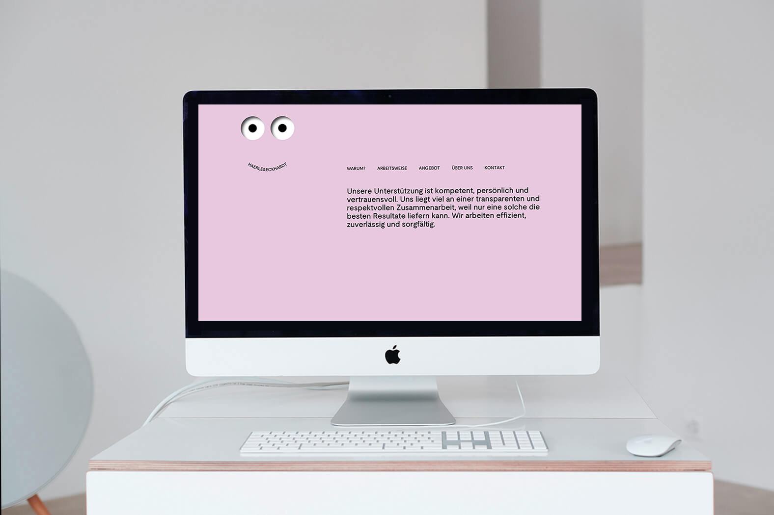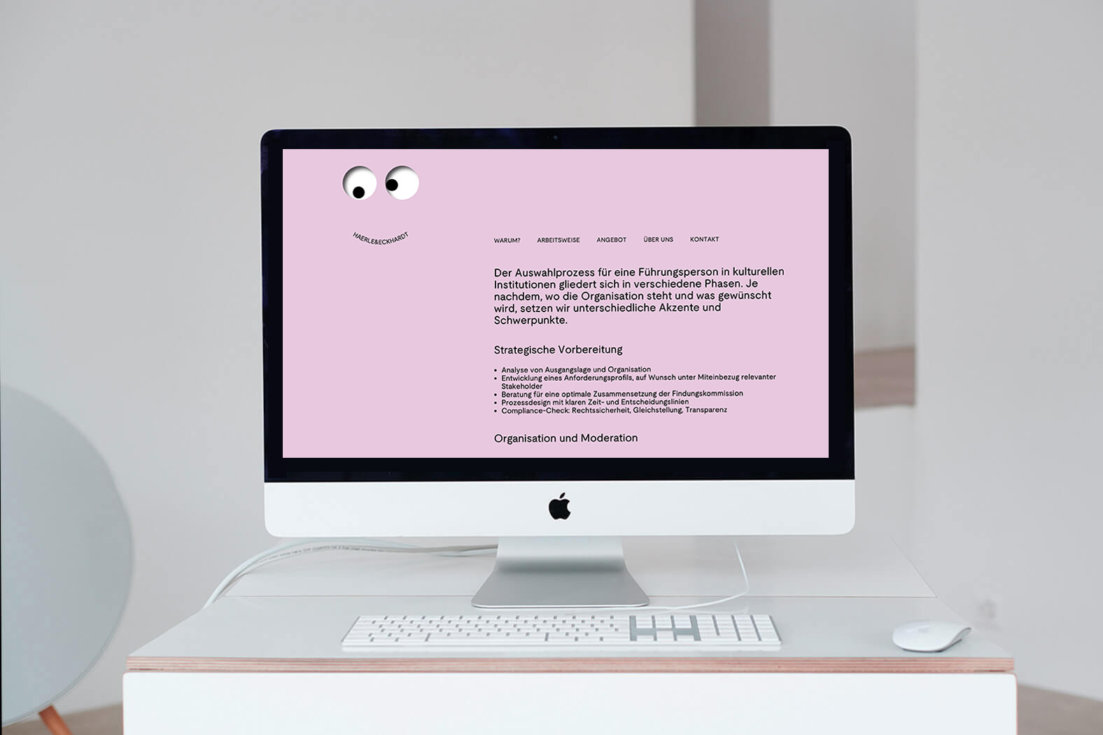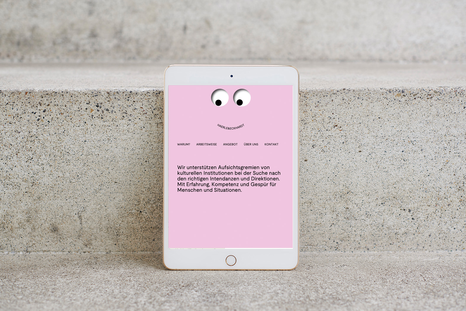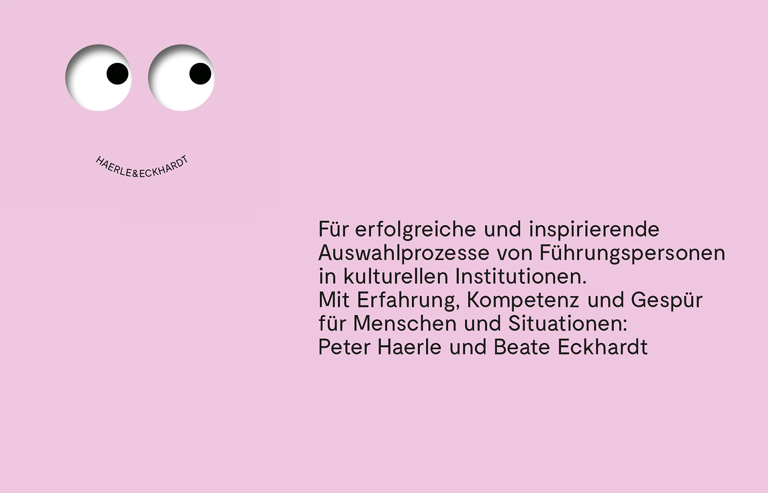 Reduktion pur: Minimalistische Augen-Icons bilden zusammen mit dem Schriftzug eine feine Mimik. Sie leitet durch den Inhalt, sorgt für Interaktion und gibt dem gewichtigen Angebot von HAERLE & ECKHARDT Leichtigkeit. Entstanden ist eine visuelle Sprache, die Vertrauen schafft, Haltung zeigt und zum Dialog einlädt.
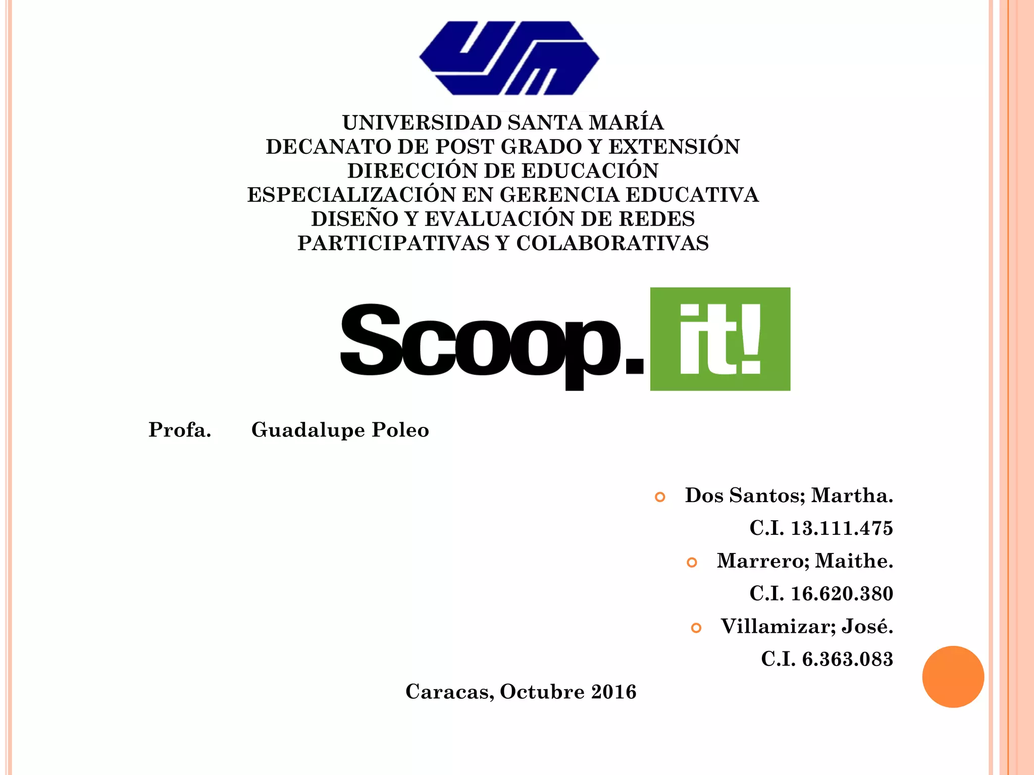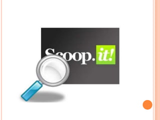 Este documento proporciona una guía sobre cómo usar la plataforma Scoop.it para curar y compartir contenidos de manera gratuita. Explica los pasos para registrarse, crear una cuenta, servicios disponibles como páginas temáticas y grupos. También destaca su potencial para la educación, como mostrar recursos por tema y trabajos de estudiantes. Resalta ventajas como la integración con páginas web y herramientas de análisis, aunque señala limitaciones como la versión gratuita y falta de aplicación
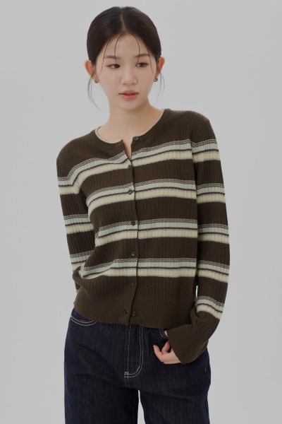 條紋配色面料 / 真排釦設計,亦可作為小外套搭配 / 領邊雙色造型 / 薄款針織面料,秋冬皆合適
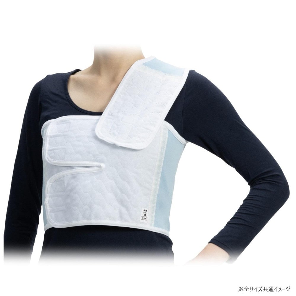 手術後の患部をやさしく保護し、ズレずにしっかり固定する。2つに分かれた留め部で調整でき、肩バンドも付いてズレにくくなっています。伸縮素材で体にフィットし、厚手生地でしっかり固定してくれるので安心です。綿が主体のソフトな肌ざわりで、やさしく保護します。
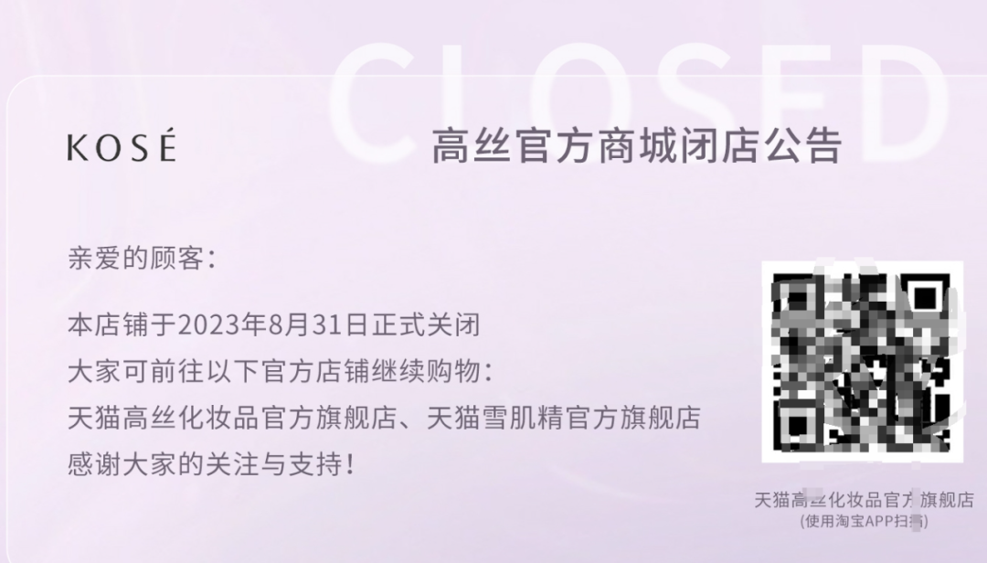 本体上,除了天猫旗舰店,高丝官方在线商城早在2023年8月31日如故关闭。
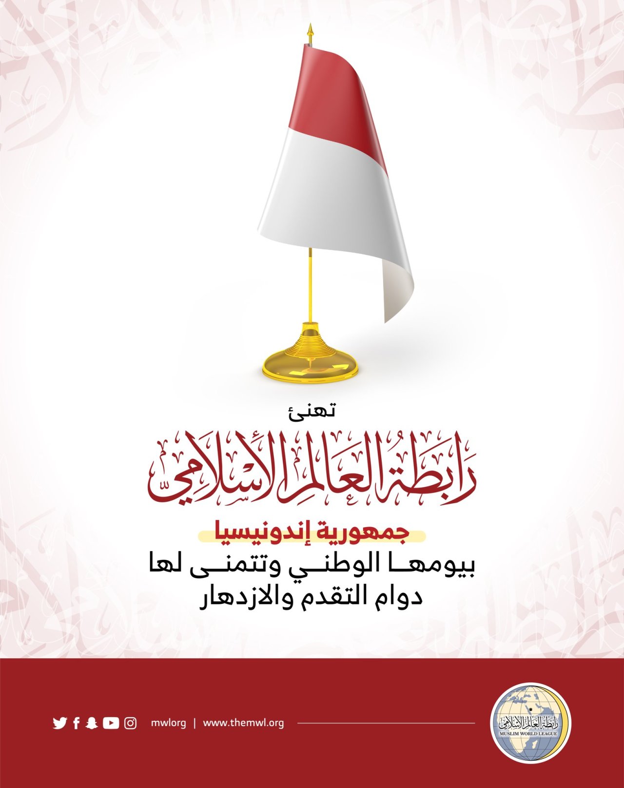 ⁧رابطة العالم الإسلامي⁩ تهنئ جمهورية إندونيسيا بيومها الوطني.

» **Activity**: Nothing but the text of the listing should be set down, exactly, with the pictures left behind.

» **Solved exercise**:
 Reduktion pur: Minimalistische Augen-Icons bilden zusammen mit dem Schriftzug eine feine Mimik. Sie leitet durch den Inhalt, sorgt für Interaktion und gibt dem gewichtigen Angebot von HAERLE & ECKHARDT Leichtigkeit. Entstanden ist eine visuelle Sprache, die Vertrauen schafft, Haltung zeigt und zum Dialog einlädt.
 Este documento proporciona una guía sobre cómo usar la plataforma Scoop.it para curar y compartir contenidos de manera gratuita. Explica los pasos para registrarse, crear una cuenta, servicios disponibles como páginas temáticas y grupos. También destaca su potencial para la educación, como mostrar recursos por tema y trabajos de estudiantes. Resalta ventajas como la integración con páginas web y herramientas de análisis, aunque señala limitaciones como la versión gratuita y falta de aplicación
 條紋配色面料 / 真排釦設計,亦可作為小外套搭配 / 領邊雙色造型 / 薄款針織面料,秋冬皆合適
 手術後の患部をやさしく保護し、ズレずにしっかり固定する。2つに分かれた留め部で調整でき、肩バンドも付いてズレにくくなっています。伸縮素材で体にフィットし、厚手生地でしっかり固定してくれるので安心です。綿が主体のソフトな肌ざわりで、やさしく保護します。
 本体上,除了天猫旗舰店,高丝官方在线商城早在2023年8月31日如故关闭。
 ⁧رابطة العالم الإسلامي⁩ تهنئ جمهورية إندونيسيا بيومها الوطني.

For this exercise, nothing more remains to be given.